**What to work on:**
Without copying any pictures, restate exactly the lines from the start of the records through the line containing "Торгуй по тренду".

** Opening Data extract block **

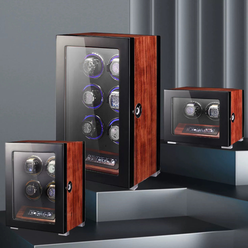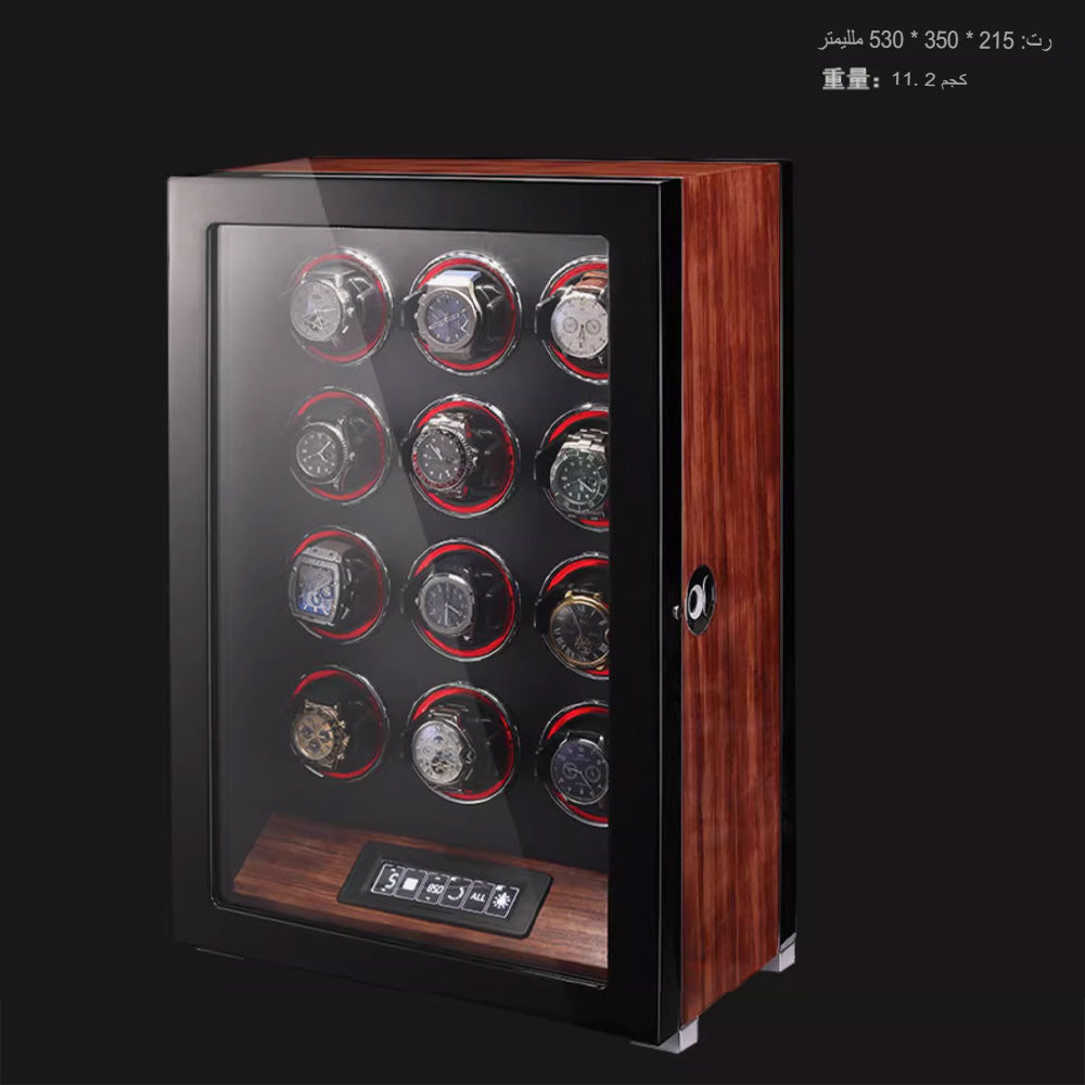 علبة لف ساعات فاخرة متعددة – تصميم فاخر بتشطيب خشبي أحمر مع شاشة لمس LCD وإضاءة LED
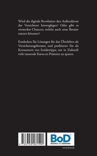 Wird die digitale Revolution den Außendienst der Versicherer hinwegfegen? Oder gibt es versteckte Chancen, welche auch neue Berater nutzen könnten?Entdecken Sie Lösungen für das Überleben als Versicherungs-berater, und profitieren Sie als Konsument von Insidertipps, um in Zukunft viele tausende Euros an Prämien zu sparen.
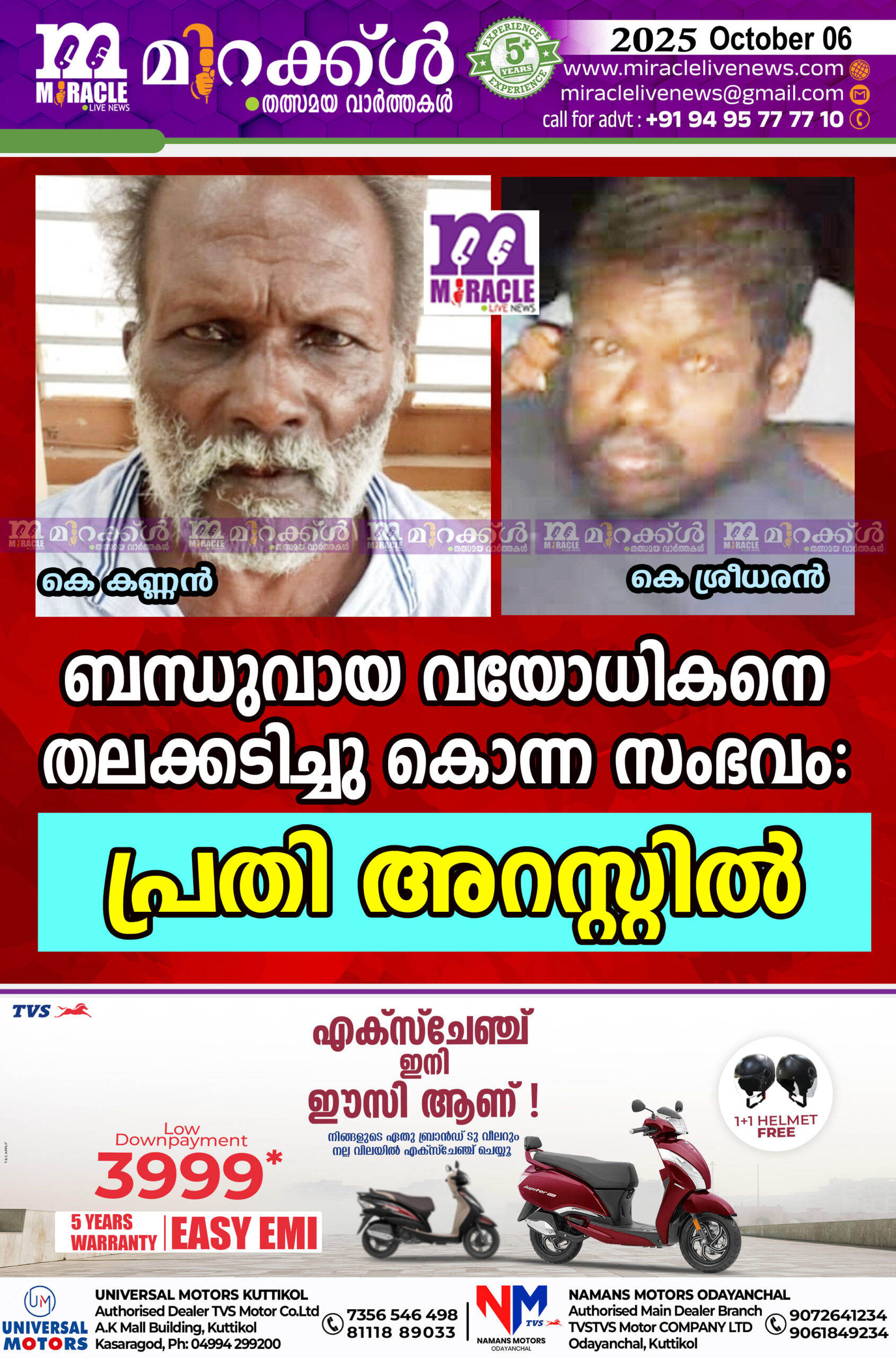 അയല്വാസിയും ബന്ധുവുമായ കെ ശ്രീധരന് (44) തലക്കടിച്ച് കൊലപ്പെടുത്തിയത്. ശ്രീധരനെ നീലേശ്വരം പോലീസ് നാട്ടുകാരുടെ സഹായത്തോടെ കസ്റ്റഡിയിലെടുത്തു. ഞായാഴ്ച്ച വൈകിട്ടാണ് സംഭവം. കണ്ണനെ വീട്ടില് ചെന്നാണ് ശ്രീധരന് വടി കൊണ്ട് തലക്കടിച്ച് വീഴ്ത്തിയത്. ഉടന് ആശുപത്രിയിലേക്ക് കൊണ്ടു പോയെങ്കിലും വഴി മദ്ധ്യേ മരണപ്പെട്ടു. സംഭവറിഞ്ഞു കാഞ്ഞങ്ങാട് ഡിവൈഎസ്പി സി കെ സുനില് കുമാര്, നീലേശ്വരം പോലീസ് ഇന്സ്പെക്ടര് നിബിന് ജോയ് എന്നിവര് സ്ഥലത്തെത്തി. പുത്തരിച്ചിയാണ് മരണപ്പെട്ട കണ്ണന്റെ ഭാര്യ. മക്കള്: ശശി, ചന്ദ്രന്, ജയന് (മുവരും കുമ്പളപ്പള്ളി ).മരുമക്കള്: രാധാമണി (ഇടത്തോട്),ബേബി (കുമ്പളപ്പള്ളി ) ,രമ്യ (ബേത്തൂര്പാറ). സഹോദരങ്ങള്: ശാരദ (കാറളം പാലക്കുന്ന്), പരേതരായ വെളുത്തന്, മാണിക്യന്. പ്രതിയെ
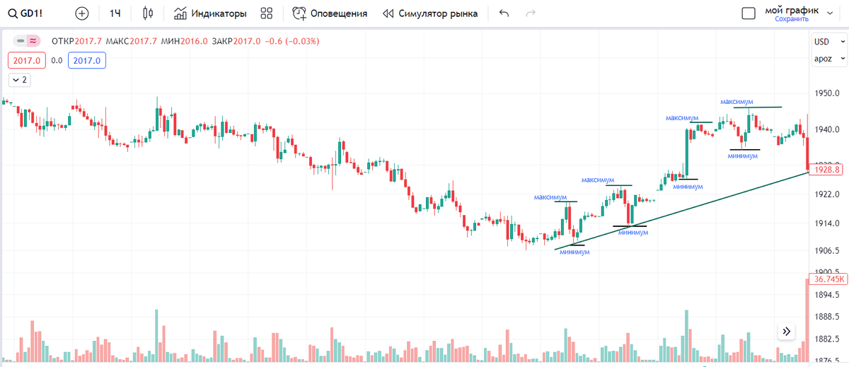 Торгуй по тренду - эту фразу, наверное слышит каждый новичок в числе самых первых, при знакомстве с трейдингом. Ну во всяком случае у меня было именно так, в умных книгах по техническому анализу было написано, что самая простая и самая выигрышная стратегия - это торговля по тренду. Давайте разберемся, что представляет из себя тренд, и как его использовать. А в конце статьи я приведу пример очень простой и эффективной стратегии торговли трендов. Но прежде заострим внимание, что тренд имеет три направления - восходящий, нисходящий или горизонтальный, или иначе его называют боковик или флэт. В своем примере я буду рассматривать восходящий тренд. Итак, что же такое тренд? Это серия последовательно повышающихся минимумов и максимумов, когда каждый следующий минимум и максимум выше предыдущего. Для того, чтобы провести линию тренда, и таким образом определить его направление нам достаточно 2-х точек, восходящий тренд мы проводим через минимумы, нисходящий наоборот, через максимумы, но если
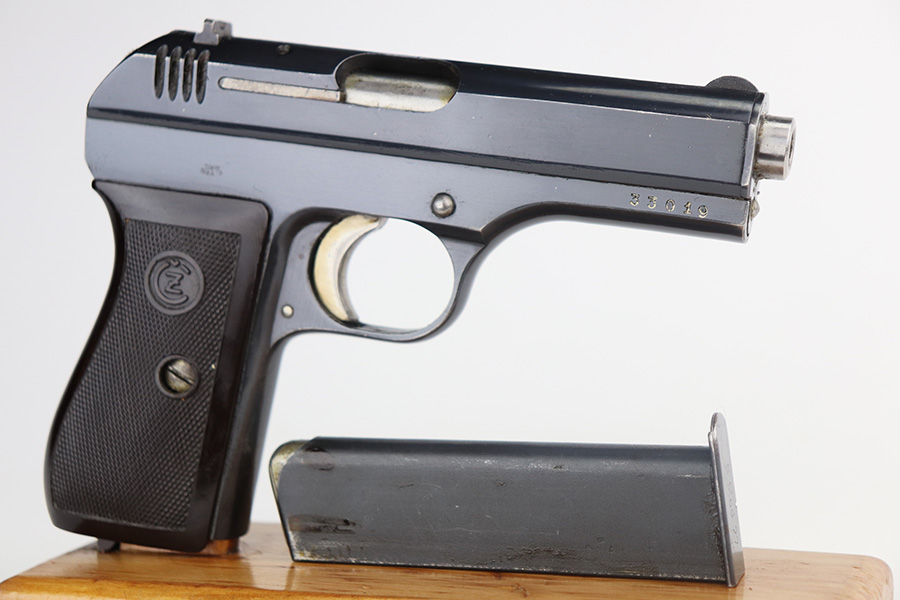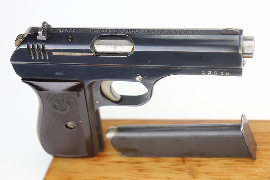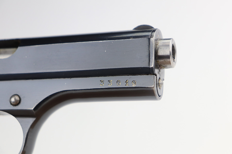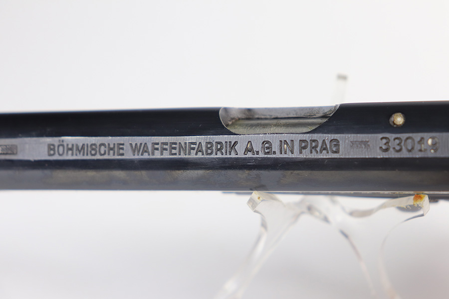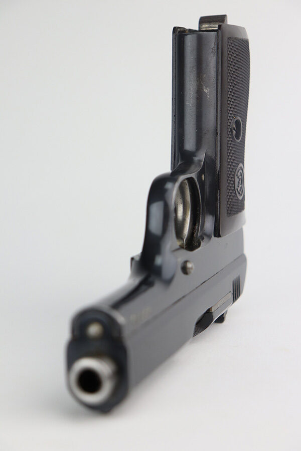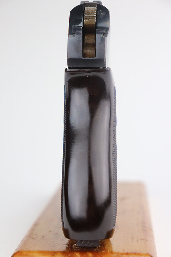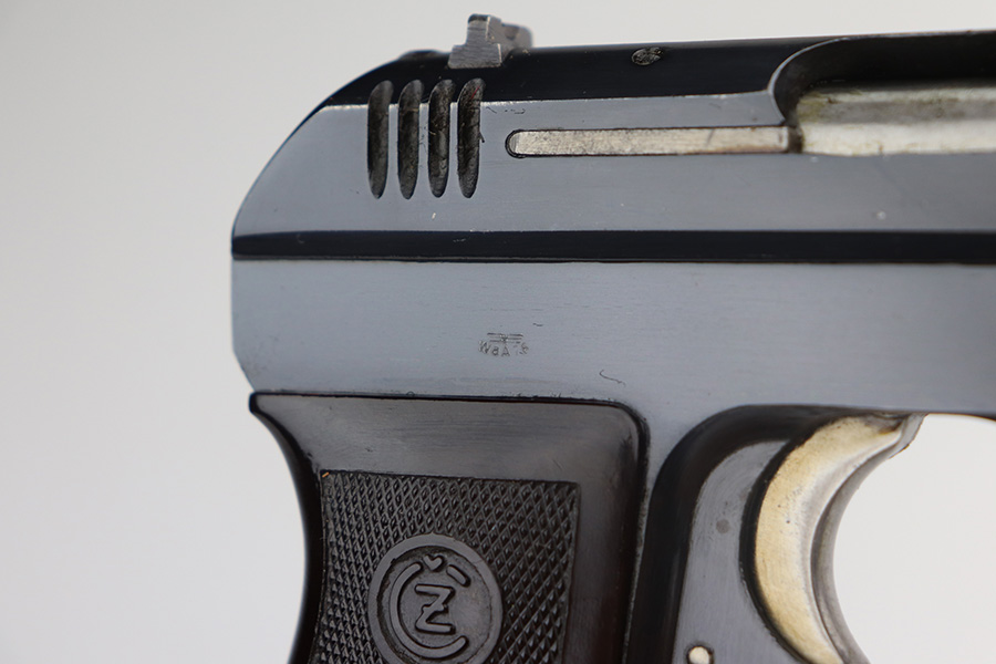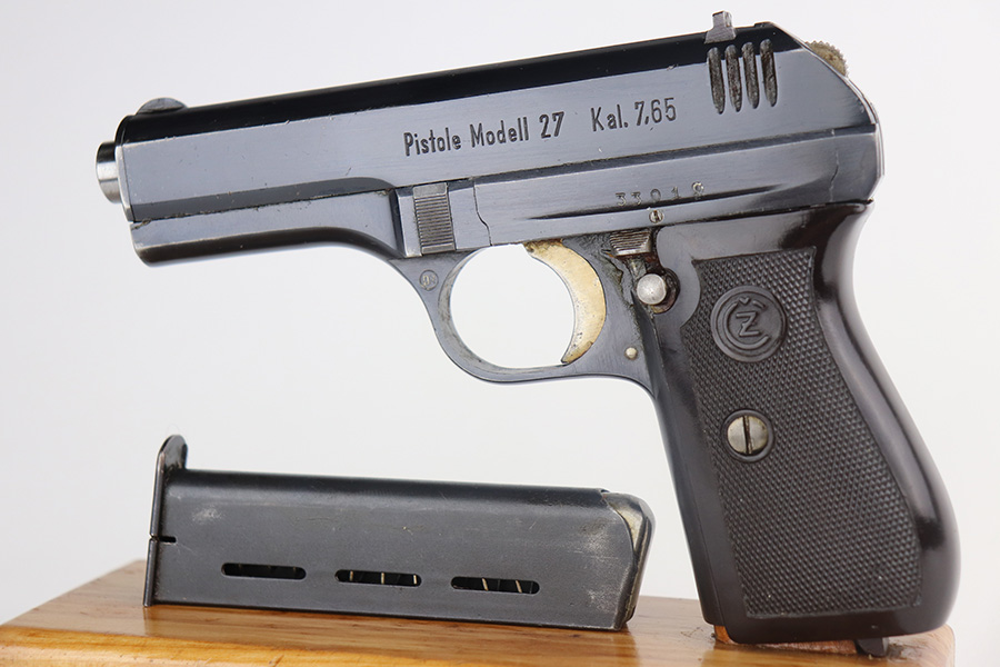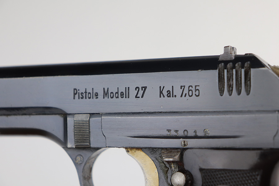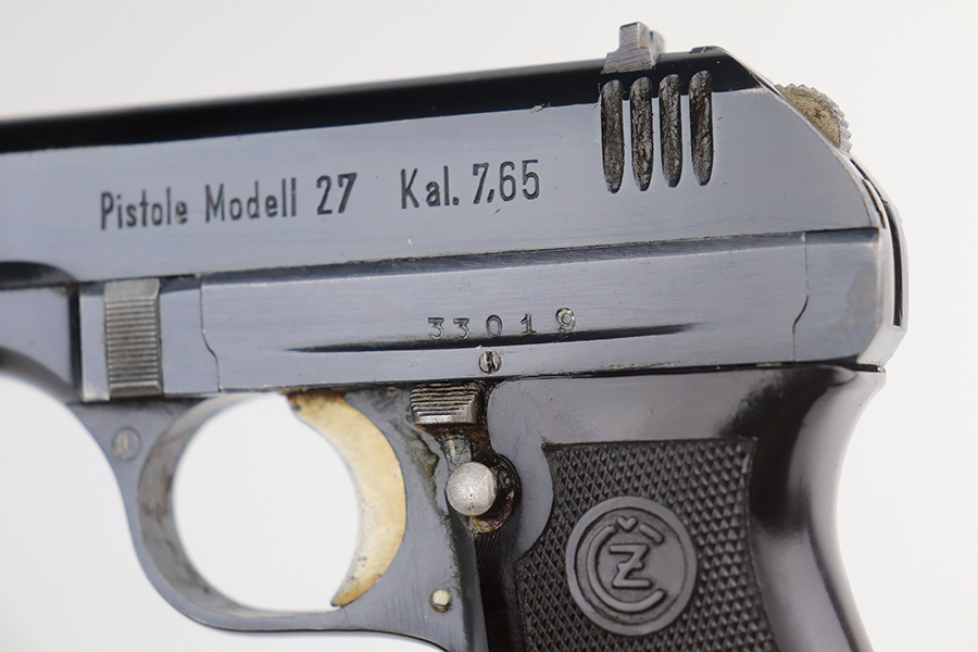 6/1/21 – This is an excellent example of a CZ 27 that was issued to the Nazi military during WW2. It is all matching and has the proper “Waffen 76” military proof. It also has a “DR” marking on the left side of the trigger guard. From research, we believe this means the gun may have been diverted to the Deutsche Reichsbahn, or to the railway police. The gun has retained about 97% of its original high polish finish. Minor wear on the front strap and a hint of wear on the high edges of the slide. Some very small dings on the left side of the slide. Excellent grips – no chips or cracks. Comes with a correct magazine. Excellent bore – shiny with strong rifling.
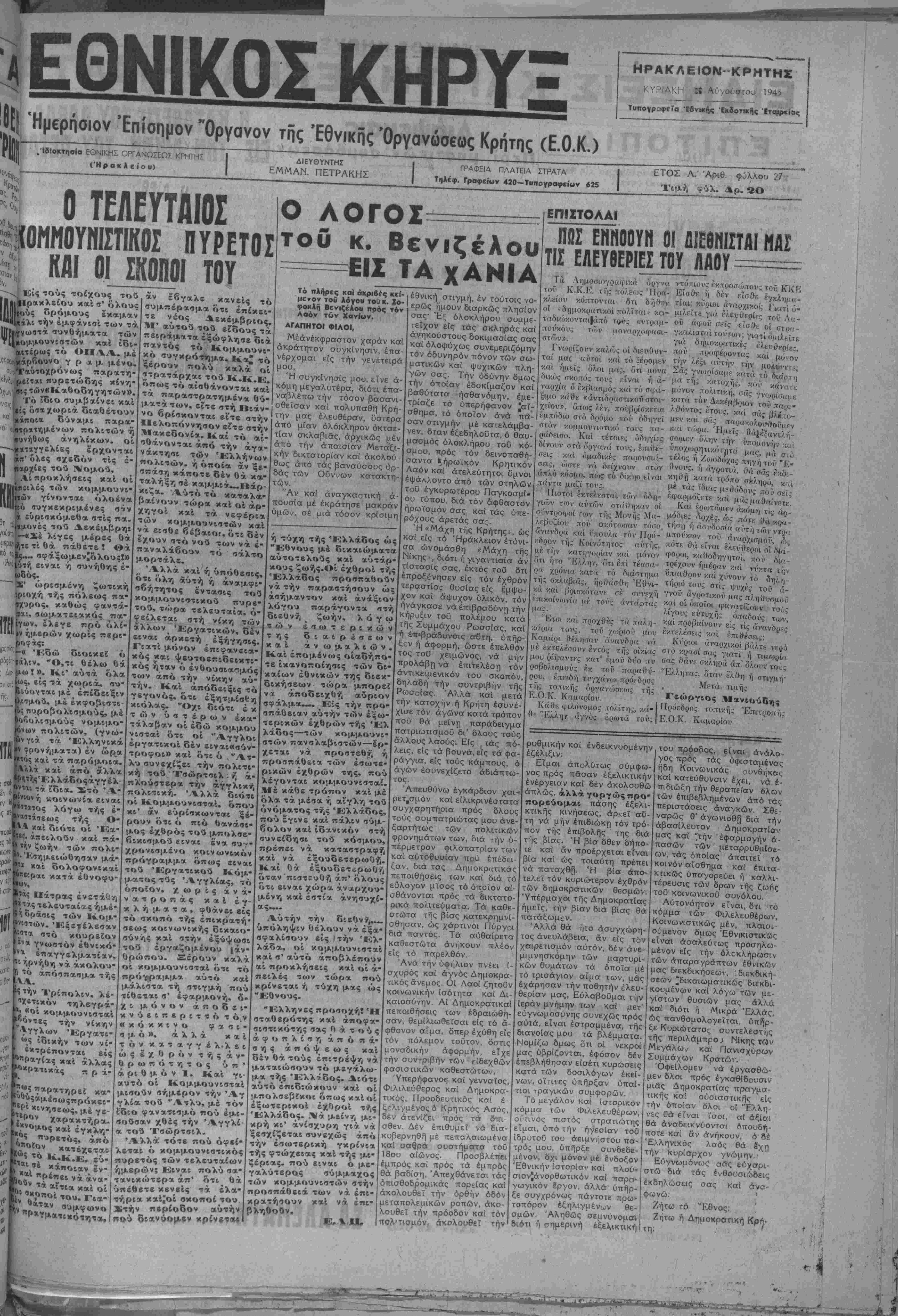 |ίς »*<*■ χωρία διαθέτουν ίποια δύναμι παρα- ίρατημένων πολιτών ή κανείς οί άνηλίκων. -,---.. 6<» έρχονται «π' ολες σχεδόν τίς έ- «ιρχίες τού Νομοΰ, ^ Αιπροκλήσεις καί οί '^πειλές των κομμουνι· των γίνονται όλοένα ΐιό συγκεκριμένες σ-*ν » ευρισκόμεθα στίς συμπέρασμα ότι έπίκει- τε νέος Δεκέμβριος. ΛΙ' αυτού τοΰ εΐδους τα πειράματα έξώφλησε διά παντός τό Κομμουνε- κό συγκρότκ,μα. Κ τό ξέρουν πολύ καλά οί στρατάρχαι τοΰ Κ.Κ.Ε. όπως τό αίσθάνονται καί τα παραστρατημένα Θύ· ματάτων, είτε στή Βιάν-| νο βρίσκονται είτε στήν Ηελοπόννηαον είτε στήν """ ~ αί τό αί- τήν Ο ΛΟΓΟΣ——==== τοθ κ. Βενιζέλου =ΕΙΣ ΤΑ χΑΝΙΑ φοκλή Βενιζέλου κρός τόν Λαόν των Χανίων. ΑΓΑΠΗΤΟΙ ΦΙΑΟΙ, Μέάνέκφραστον χαράν καί ακράτητον συγκίνησιν, έπα- νέρχομαι είς την γενέτειρά |έΘνι«Ί ™Υμή. έν τούτοις νο- ερως 7ΐμ°υν διαρκώς πλησίον σας· Έξ ολοκλήρου συμμε- τεΓχον είς τάς σκληρώς καί ΕΠΙΖΤΟΛΑΙ ΤΙΣ ΠΟΣ ΕΝΝΟΟΥΝ ΟΙ ΔΙΕΘΝΙΣΤΑΙ ΜΑΣ " ΕΛΕΥ8ΕΡΙΕΣΤ0Υ ΛΑΟΥ ===== Τα ρ δέν ίί ?τ#Ους μου, ματικών καί εδον •ϊθανονται Ή συγκίνησις μου. είνε ά- ■■·-■■- - ίρα> διότι έπα-
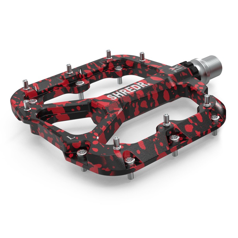 • Special edition. - The popular Shredr. Flat pedal in a special series in splatter design. - Each pedal is uniquely multi-coloured anodized.
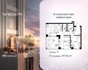 Продаётся 2-комнатная квартира общей площадью 57.90 м² с предчистовой отделкой в ЖК VEER на 7-м этаже 22 этажного дома.
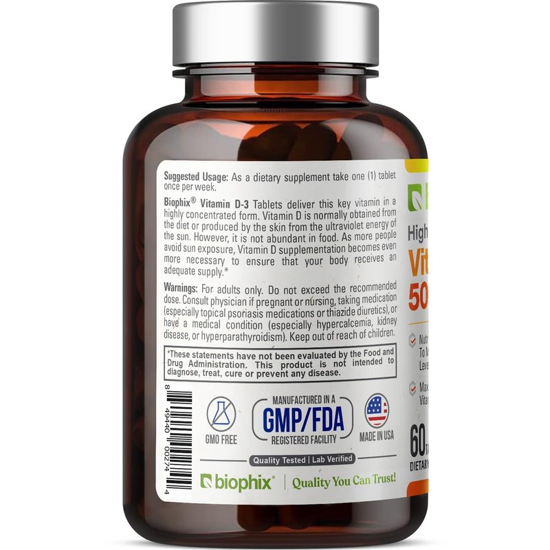 biophix Vitamin D-3 50000 IU 60 Tablets - High-Potency Supports Strong Bones Immune Health and K2

** Closing Data extract block **

**Result of this exercise:**
 علبة لف ساعات فاخرة متعددة – تصميم فاخر بتشطيب خشبي أحمر مع شاشة لمس LCD وإضاءة LED
 Wird die digitale Revolution den Außendienst der Versicherer hinwegfegen? Oder gibt es versteckte Chancen, welche auch neue Berater nutzen könnten?Entdecken Sie Lösungen für das Überleben als Versicherungs-berater, und profitieren Sie als Konsument von Insidertipps, um in Zukunft viele tausende Euros an Prämien zu sparen.
 അയല്വാസിയും ബന്ധുവുമായ കെ ശ്രീധരന് (44) തലക്കടിച്ച് കൊലപ്പെടുത്തിയത്. ശ്രീധരനെ നീലേശ്വരം പോലീസ് നാട്ടുകാരുടെ സഹായത്തോടെ കസ്റ്റഡിയിലെടുത്തു. ഞായാഴ്ച്ച വൈകിട്ടാണ് സംഭവം. കണ്ണനെ വീട്ടില് ചെന്നാണ് ശ്രീധരന് വടി കൊണ്ട് തലക്കടിച്ച് വീഴ്ത്തിയത്. ഉടന് ആശുപത്രിയിലേക്ക് കൊണ്ടു പോയെങ്കിലും വഴി മദ്ധ്യേ മരണപ്പെട്ടു. സംഭവറിഞ്ഞു കാഞ്ഞങ്ങാട് ഡിവൈഎസ്പി സി കെ സുനില് കുമാര്, നീലേശ്വരം പോലീസ് ഇന്സ്പെക്ടര് നിബിന് ജോയ് എന്നിവര് സ്ഥലത്തെത്തി. പുത്തരിച്ചിയാണ് മരണപ്പെട്ട കണ്ണന്റെ ഭാര്യ. മക്കള്: ശശി, ചന്ദ്രന്, ജയന് (മുവരും കുമ്പളപ്പള്ളി ).മരുമക്കള്: രാധാമണി (ഇടത്തോട്),ബേബി (കുമ്പളപ്പള്ളി ) ,രമ്യ (ബേത്തൂര്പാറ). സഹോദരങ്ങള്: ശാരദ (കാറളം പാലക്കുന്ന്), പരേതരായ വെളുത്തന്, മാണിക്യന്. പ്രതിയെ
 Торгуй по тренду - эту фразу, наверное слышит каждый новичок в числе самых первых, при знакомстве с трейдингом. Ну во всяком случае у меня было именно так, в умных книгах по техническому анализу было написано, что самая простая и самая выигрышная стратегия - это торговля по тренду. Давайте разберемся, что представляет из себя тренд, и как его использовать. А в конце статьи я приведу пример очень простой и эффективной стратегии торговли трендов. Но прежде заострим внимание, что тренд имеет три направления - восходящий, нисходящий или горизонтальный, или иначе его называют боковик или флэт. В своем примере я буду рассматривать восходящий тренд. Итак, что же такое тренд? Это серия последовательно повышающихся минимумов и максимумов, когда каждый следующий минимум и максимум выше предыдущего. Для того, чтобы провести линию тренда, и таким образом определить его направление нам достаточно 2-х точек, восходящий тренд мы проводим через минимумы, нисходящий наоборот, через максимумы, но если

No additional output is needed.